**DATASET RECORDS**
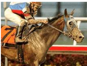
Brass Hat
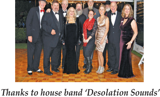
for rocking the ball
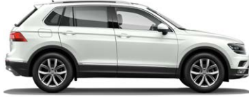
Oryx White Pearlescent
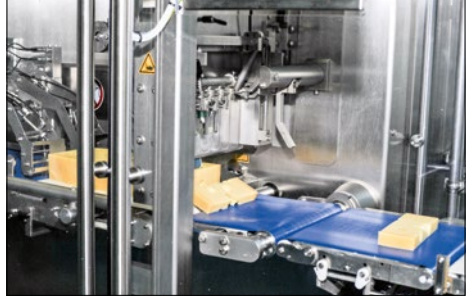
Cutting machine for cheese, sausages, etc. Tried and tested for food contact and daily cleaning intervals

For the toughest cleaning and disinfection requirements
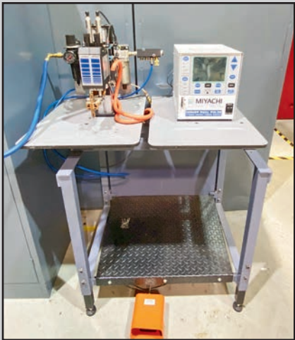
AMADA MIYACHI 300ADP DUAL PULSE WELDING PRESS
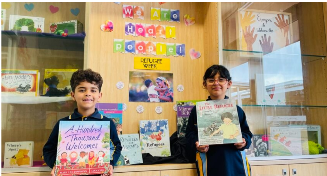
The Southern Cross newsletter and the online edition of The Southern Cross August 2024.
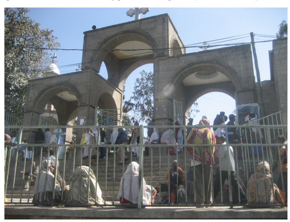
Figure 1. Asking for help at the church entrance, central Addis Ababa

Addis Ababa, the capital of Ethiopia, is the tenth largest city on the African continent, with 3.4 million residents in the city proper and 4.6 million in the metro area (Ethiopia Population, 2015). It is Ethiopia's primate city hosting thirty percent of the country's urban population. Addis Ababa has been the ninth fastest growing African city, with a 4.1 percent growth rate between 1990 and 2006 (UN-Habitat, 2010). Its population has, in fact, tripled since 1980 but is considered largely underestimated (Adugna, 2008; Myers 2011, 52). The high rate of rural-urban migration accounts for around forty percent of this growth (UN-Habitat, 2010).
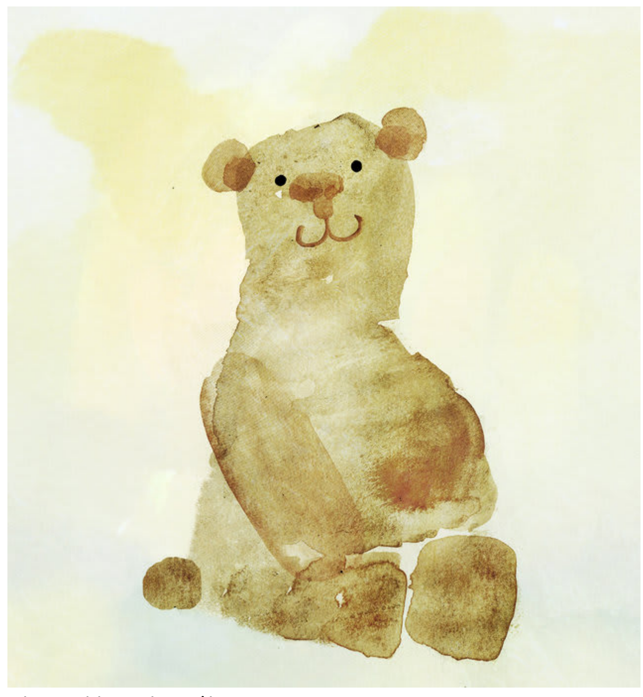
Go\lo\tur thia\m du\m êlan. Tloh ênoh êdi! Sa drei kgâo siam s^n!
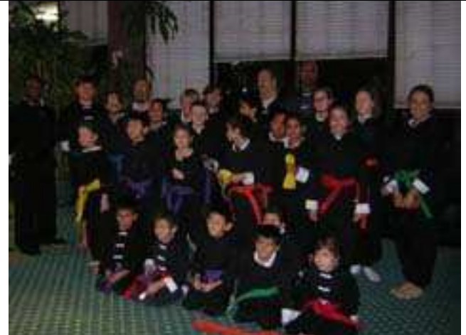
Kung Fu rank test on 12/7/13.

Black Belt club & Accelerated program rank test:
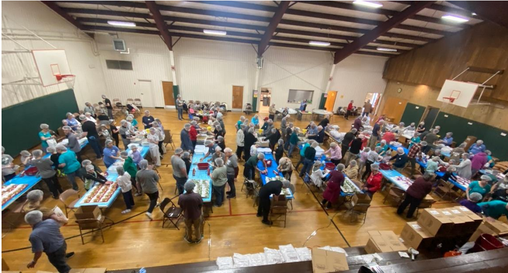
The gym was filled with 8 assembly lines!
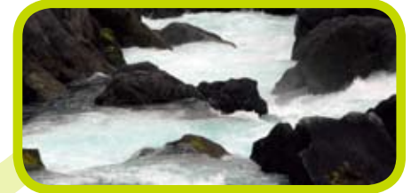
Steady as she goes....a constant supply of water is key to successful small hydro electricity generation.

There are plenty of pluses to this project – costs are lower, it alleviates the need to upgrade capacity of transmission lines from Tuai and is far more environmentally friendly for all.

**EXERCISE PROMPT**
Text only, no pictures: copy every entry exactly.

**SOLUTION**
Brass Hat
for rocking the ball
Oryx White Pearlescent
Cutting machine for cheese, sausages, etc. Tried and tested for food contact and daily cleaning intervals

For the toughest cleaning and disinfection requirements
AMADA MIYACHI 300ADP DUAL PULSE WELDING PRESS
The Southern Cross newsletter and the online edition of The Southern Cross August 2024.
Figure 1. Asking for help at the church entrance, central Addis Ababa

Addis Ababa, the capital of Ethiopia, is the tenth largest city on the African continent, with 3.4 million residents in the city proper and 4.6 million in the metro area (Ethiopia Population, 2015). It is Ethiopia's primate city hosting thirty percent of the country's urban population. Addis Ababa has been the ninth fastest growing African city, with a 4.1 percent growth rate between 1990 and 2006 (UN-Habitat, 2010). Its population has, in fact, tripled since 1980 but is considered largely underestimated (Adugna, 2008; Myers 2011, 52). The high rate of rural-urban migration accounts for around forty percent of this growth (UN-Habitat, 2010).
Go\lo\tur thia\m du\m êlan. Tloh ênoh êdi! Sa drei kgâo siam s^n!
Kung Fu rank test on 12/7/13.

Black Belt club & Accelerated program rank test:
The gym was filled with 8 assembly lines!
Steady as she goes....a constant supply of water is key to successful small hydro electricity generation.

There are plenty of pluses to this project – costs are lower, it alleviates the need to upgrade capacity of transmission lines from Tuai and is far more environmentally friendly for all.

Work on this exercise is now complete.